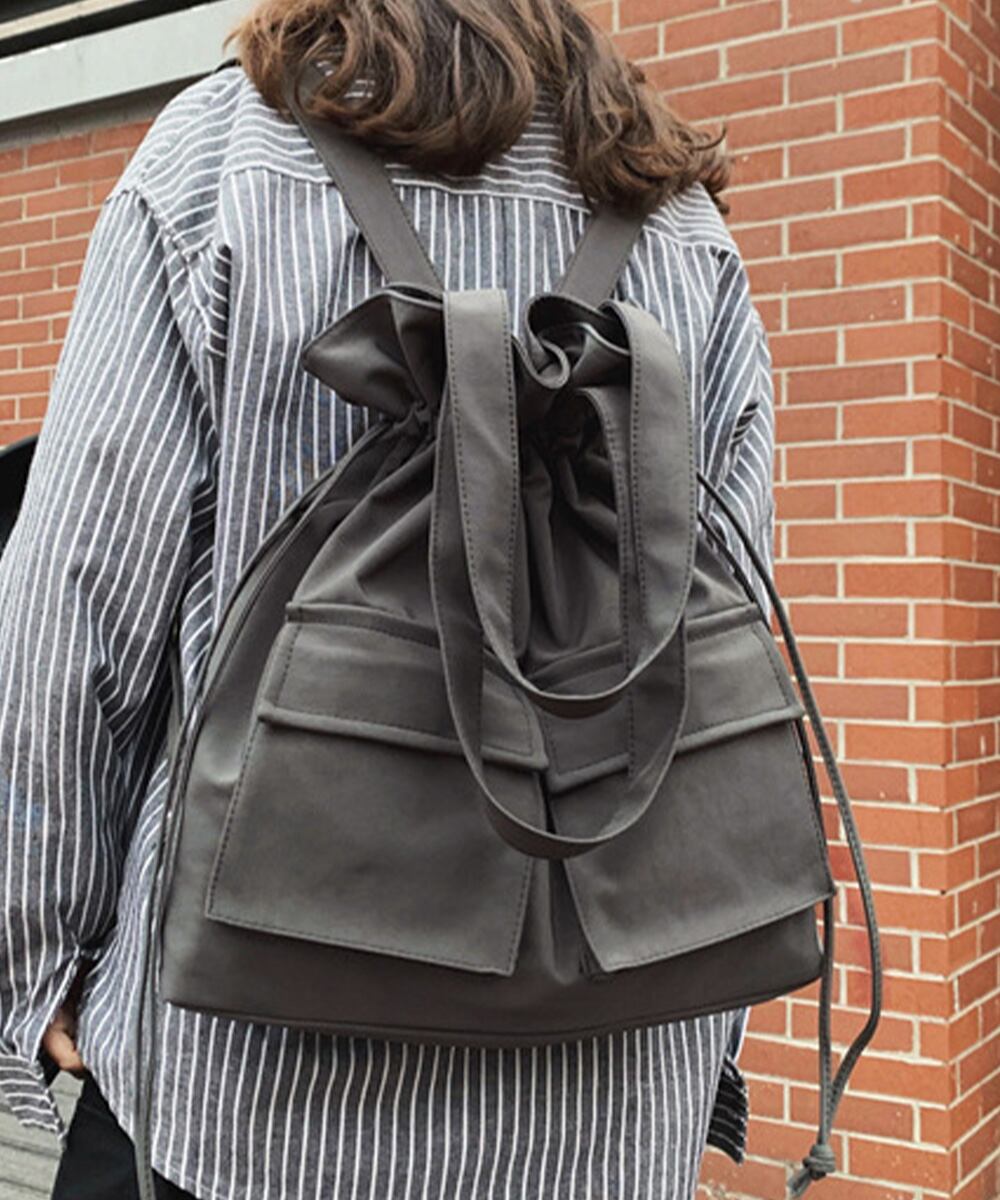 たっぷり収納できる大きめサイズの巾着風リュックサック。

---*---

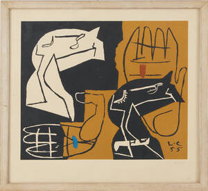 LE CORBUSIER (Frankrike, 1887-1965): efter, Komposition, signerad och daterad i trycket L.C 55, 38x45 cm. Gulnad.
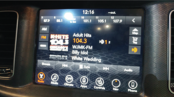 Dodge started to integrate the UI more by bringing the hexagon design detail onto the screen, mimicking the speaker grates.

---*---

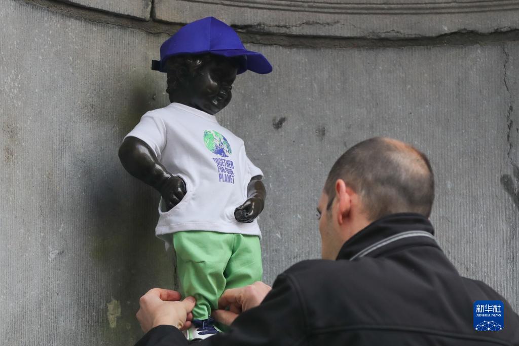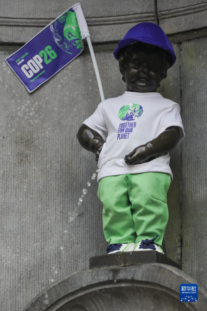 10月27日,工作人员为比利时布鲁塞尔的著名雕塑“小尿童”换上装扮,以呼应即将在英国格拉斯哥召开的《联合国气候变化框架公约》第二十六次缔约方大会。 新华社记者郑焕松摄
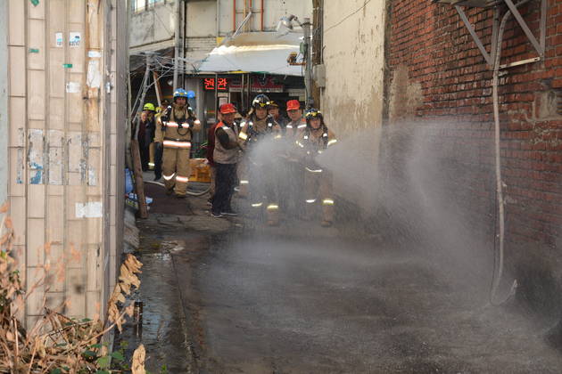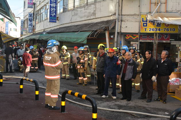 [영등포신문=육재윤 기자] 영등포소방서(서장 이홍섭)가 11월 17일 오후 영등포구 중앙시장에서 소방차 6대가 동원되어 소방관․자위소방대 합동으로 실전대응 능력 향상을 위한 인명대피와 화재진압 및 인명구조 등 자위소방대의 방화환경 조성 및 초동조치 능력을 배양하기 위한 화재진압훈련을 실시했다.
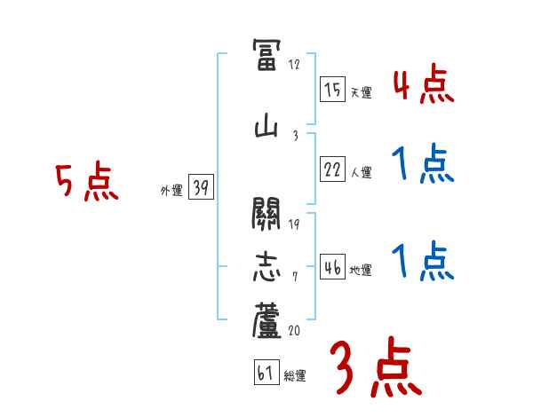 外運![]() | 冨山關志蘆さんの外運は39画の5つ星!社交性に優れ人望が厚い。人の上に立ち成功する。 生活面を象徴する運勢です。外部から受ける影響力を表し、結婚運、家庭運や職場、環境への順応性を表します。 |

---*---

- Task prompt: Within the entries above, the lines from the one containing "10月27日,工作人员为比利" through the one containing "外運![]() | 冨山關志蘆さんの外運は39画の5つ星!社交性に優れ人望が厚い。人の上に立ち成功する。" are to be transcribed exactly, ends included, pictures excluded.

- Response box:
 10月27日,工作人员为比利时布鲁塞尔的著名雕塑“小尿童”换上装扮,以呼应即将在英国格拉斯哥召开的《联合国气候变化框架公约》第二十六次缔约方大会。 新华社记者郑焕松摄
 [영등포신문=육재윤 기자] 영등포소방서(서장 이홍섭)가 11월 17일 오후 영등포구 중앙시장에서 소방차 6대가 동원되어 소방관․자위소방대 합동으로 실전대응 능력 향상을 위한 인명대피와 화재진압 및 인명구조 등 자위소방대의 방화환경 조성 및 초동조치 능력을 배양하기 위한 화재진압훈련을 실시했다.
 外運![]() | 冨山關志蘆さんの外運は39画の5つ星!社交性に優れ人望が厚い。人の上に立ち成功する。 生活面を象徴する運勢です。外部から受ける影響力を表し、結婚運、家庭運や職場、環境への順応性を表します。 |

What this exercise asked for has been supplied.